"Death is a taboo," she said, "We can't talk about death. We must be happy all the time and we will live forever. But for them it was different. Death was very present."
And she was right. I was staring into the dark socket of the nearest skull behind the grate. And all four walls were stacked to the ceiling with bones and skulls, many obviously children. Hundreds. Floor to ceiling, neatly arranged, everywhere you looked. They loomed from the corners and stared out from the recesses. Stacked, crisscrossed, balanced. How many? It was a city built on bones, but only here, in this forgotten chapel, could you see the truth behind it.
Death is taboo.
We hide it. We put them away. Burn em or bury em 'cause Death doesn't sell.
Can't have you pondering meaning. Need you disgruntled and chasing
the next big thing.
I thought of all the fashion I didn't care about. How living here, in one of the capitals of moda, I'd seen the waves... every four months... in the fall it had been studs and spikes on even the most garish heels... and the winter it had been skulls... sewn or embroidered or jeweled...
Now it was camouflage skirts and pants... you could see the waves sweep over all the stores along Buenos Aires or in Vittoria...
That's why we weren't thinking about death. There wasn't any meaning to the fads, but they had to be had. Too much death would remind you of what was really important. Enough clothing to last... and family and friends to share the journey. That's all that mattered. And here we were, bent and spun and separated, divided, conquered, bought and traded...
"Working jobs we hate to buy shit we don't need..."
I was wearing a T-shirt I'd have for six years. It was soft and familiar. It had no holes. It sufficed me.

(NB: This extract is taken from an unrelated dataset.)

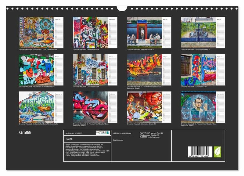 QUALITÄT - Hochwertiger Fotokalender mit 12 wunderschönen Motiven auf lichtbeständigem Bilderdruckpapier, robuste Spiralbindung mit Aufhängebügel.NACHHALTIG - deutliche Abfallreduzierung durch bedarfsgerechte Einzelstückfertigung, umweltfreundliches FSC-zertifiziertes Papier, Produktion in Deutschland, klimabewusste Logistik.PERFEKTES GESCHENK - Kalender für Freunde und Familie, für Kinderund Erwachsene, jung und alt, zu Weihnachten, Geburtstag oder zwischendurch.VIELFALT - Bildkalender in verschiedenen Formaten, z.B. DIN A5, DIN A4, DIN A3 sowie DIN A2. Ob Naturmotiv, Gemälde oder Fotos, ideal für ein persönliches Wohlfühlambiente.Schillernde bunte Farben und originelle Bilder zeichnen die Graffiti-Kunstszene aus, sehen sie die schönsten aus der Dresdner-Neustadt. von Autor(in): Dirk Meutzner
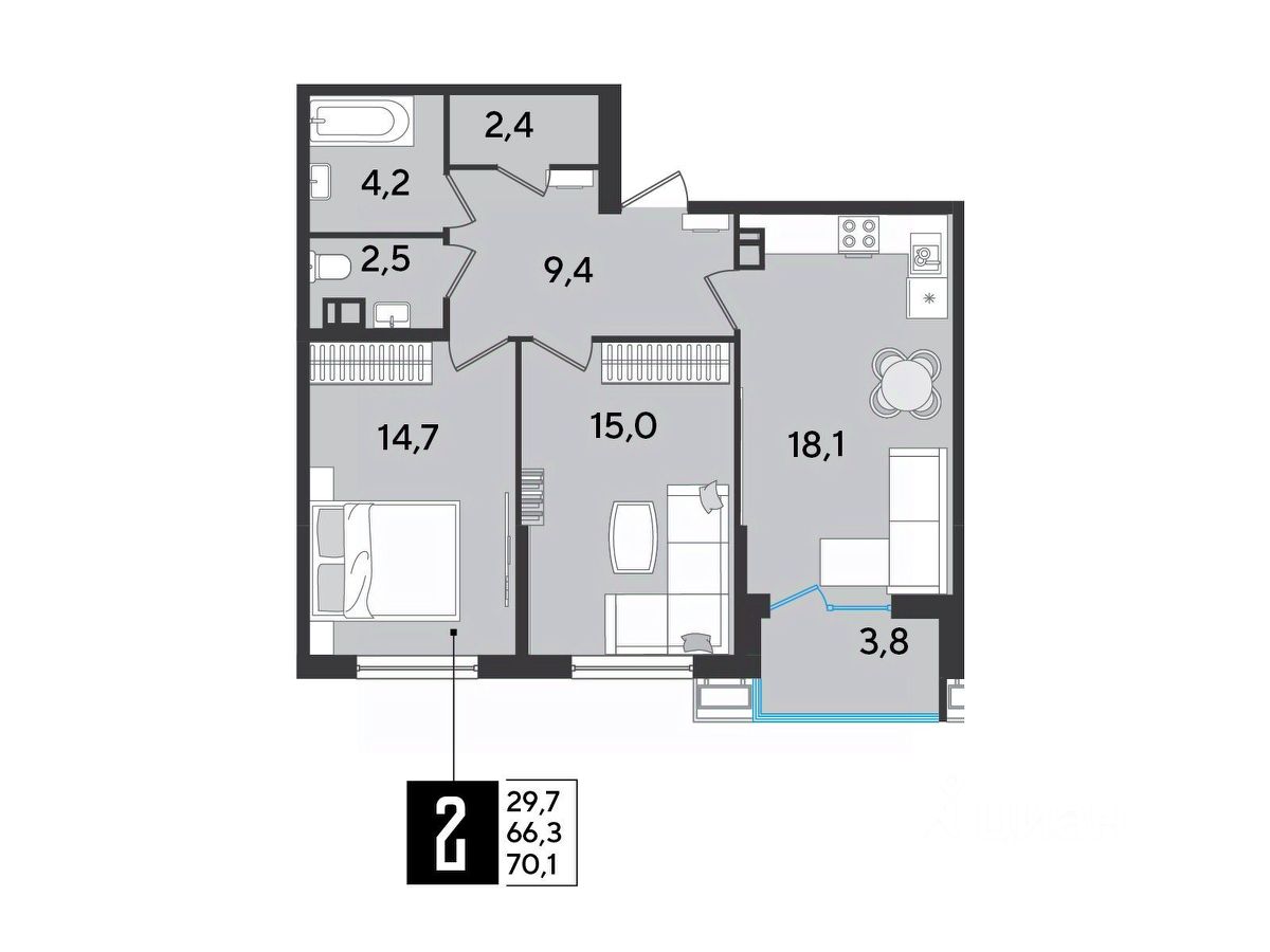 Срок сдачи: 2 кв. 2026, общей площадью 70.1 кв.м., на 8 этаже.

The skulls at eye-level had slips of paper rolled up and pushed through the grate into their eyesockets. Prayers, she said they were, and promises. Requests to the monolith of bones, hopes passed to the other side.
The Australian slipped a finger through the grate and rubbed the cranium of a pale brown skull, as if to see if it were real. I was tempted to do the same. But I'd feasted on enough death of late. I'd stopped harping on them, but they were always around... and that was enough reminder to keep it together, keep the hunger for what was True separate from the 'reality' that was laid out to distract, frustrate and induce consumption. The sound and fury, the colors of nothingness that filled the streets like a flood.
On the way home there was a line of a hundred people queued at some Coke gimmick machine that would print their name on a bottle.
And not 200 meters away, the wall of bones remained, dark and quiet and truer and more honest than any of it.